Work request
Whatever lies between the line that holds "In Wuppertal wird" and the final line of the records below, both included, should be repeated exactly; leave out the pictures and add nothing.

(Exercise data)

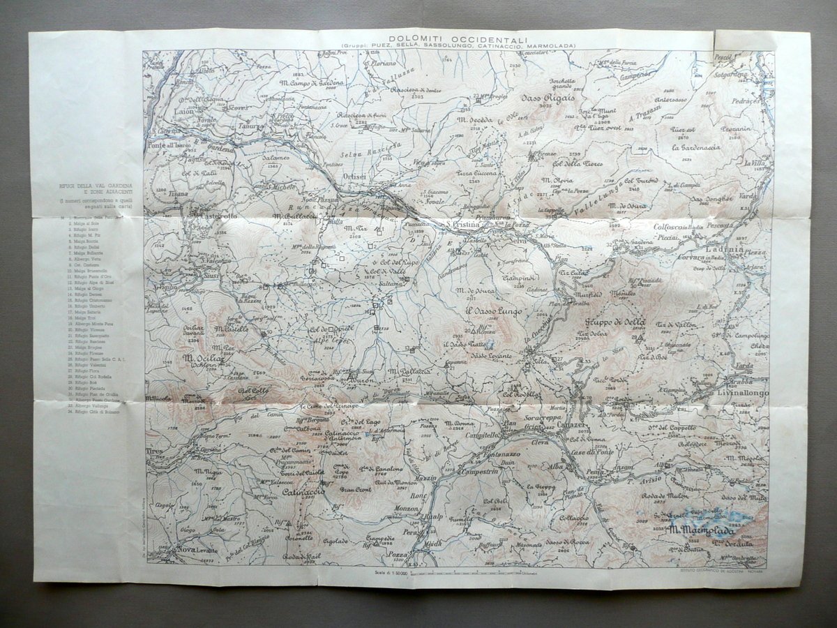 Carta, Dolomiti Occidentali (Gruppi: Puez, Sella, Sassolungo, Catinaccio, Marmolada) Rifugi della Val Gardena e zone adiacenti - Carta topografica a colori Scala 1:50000 De Agostini, Novara, s. d. (anni '30 del Novecento circa); carta topografica a colori rip. più volte; legenda a un margine est. Cm 50x70. Retro con un'annotazione a pastello blu. Condizioni di conservazione Esemplare in buone condizioni con tracce d'uso, margini con pochi piccoli strappetti, tutti in corrispondenza delle estremità delle pieghe (al margine sup. sono presenti due strappetti di qualche cm, vedi foto). SC03.D11834 N
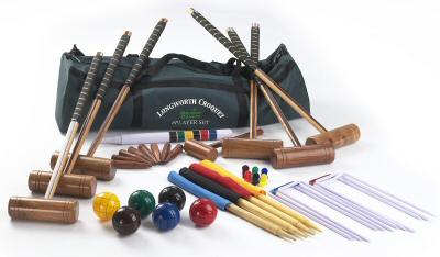 An excellent value, full-sized 6 player croquet set, with all the equipment necessary for a good game in the garden. This is probably the cheapest full-sized 6-player set available. Includes 6 full-sized natural hardwood mallets with leather-bound handles, Full-size wooden 12 oz balls, steel hoops, hoop mallet, corner flags and pegs, plastic clips, hardwood winning post and rules. Packed in a zip-fastening nylon bag with shoulder strap for portability. - Ideal Family Set
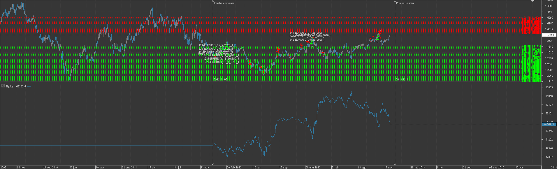 Comenzando el lunes a las 9 de la mañana hora española, independientemente de cuándo acabe, aunque haya que esperarse días. De momento, podrías hacerlo sin poner s/l en ningún lugar para ver históricamente (especialmente en 2008-2010) cómo habría ido el tema en cuanto a drawdown. Cerraríamos el grid cada vez que obtuviera un beneficio del 2%, y podríamos elevar el volumen en las órdenes en 0.01 lote cada vez que llegara a ganar entre un 10 a un 20% sobre la equity de partida.
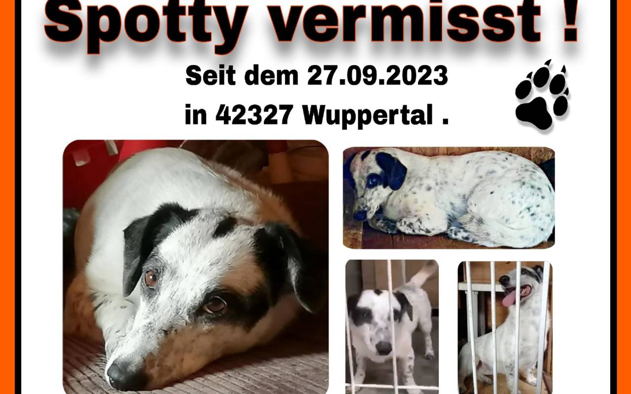 In Wuppertal wird Pflegehund Spotty vermisst. Spotty ist am 27.09. in Wuppertal-Dornap in der Nähe von Wülfrath-Düssel entlaufen.
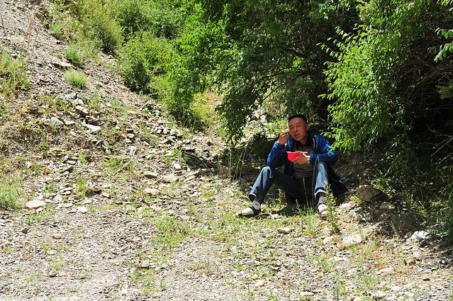 童大哥坐在树荫下悠闲地吃着自热方便饭。
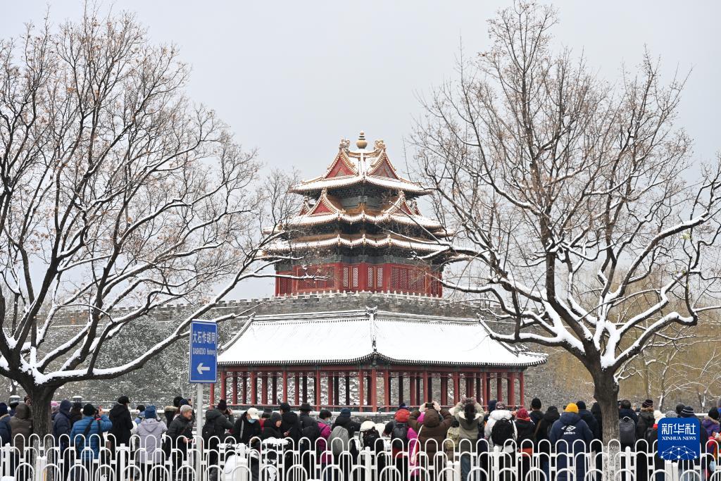 12月11日,人们在北京故宫角楼拍摄雪景。

(End Exercise data)

Written solution
 In Wuppertal wird Pflegehund Spotty vermisst. Spotty ist am 27.09. in Wuppertal-Dornap in der Nähe von Wülfrath-Düssel entlaufen.
 童大哥坐在树荫下悠闲地吃着自热方便饭。
 12月11日,人们在北京故宫角楼拍摄雪景。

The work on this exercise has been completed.